The urge to trade all the time, leads to failure for most people. Unless the prudent ones minimize leverage or lot size during 80% of the market periods.
The key is to have price migrate away from your entry, and let your TP be greater then 5:1.
The other technique is to use a very large stop loss and a small TP, to let the volatility keep hitting your TP in the range channel. When adopting this technique, recognizing when the periods of transition occur between price stability and instability.
Trendfollowing should be the goal of most people. Apart from that we are just spinning our wheels in these markets. Massive wealth accumulation cannot occur if we dont make a effort to capture the trend.
In summary:
Trade your system very infrequently. Unless your system is geared for range trading, with the ability to recognize transitions from price stability to instability.
Am I wrong?
Look...this is all "good stuff", but for each strategy and approach, it will produce drastically different results. There are two sides to trading: entry and exit. In general, I agree with you....but each system/strat stands on it's own.
 
Quote from Spectre2007:

Linear regression is one of the most powerful tools I've come across in trading.
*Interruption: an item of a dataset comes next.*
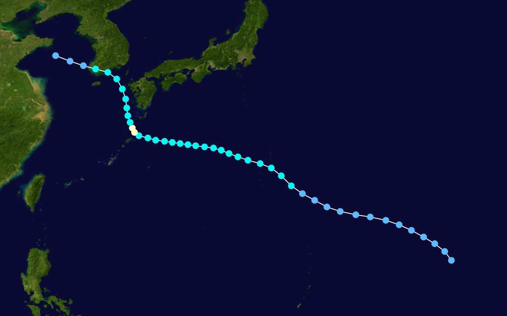 Typhoon Gladys 1991 track. Uses the color scheme from the Saffir-Simpson Hurricane Scale.

If you are talking about multiple independent variables to derive a price proxy or expectation, then you are right. If you are talking about just using Linear Regression on the actual price as a smoothing tool, you are totally wrong. LR is terrible at smoothing because it has a huge overshoot....everyone is aware of this. There are tons of much better smoothing tools out there.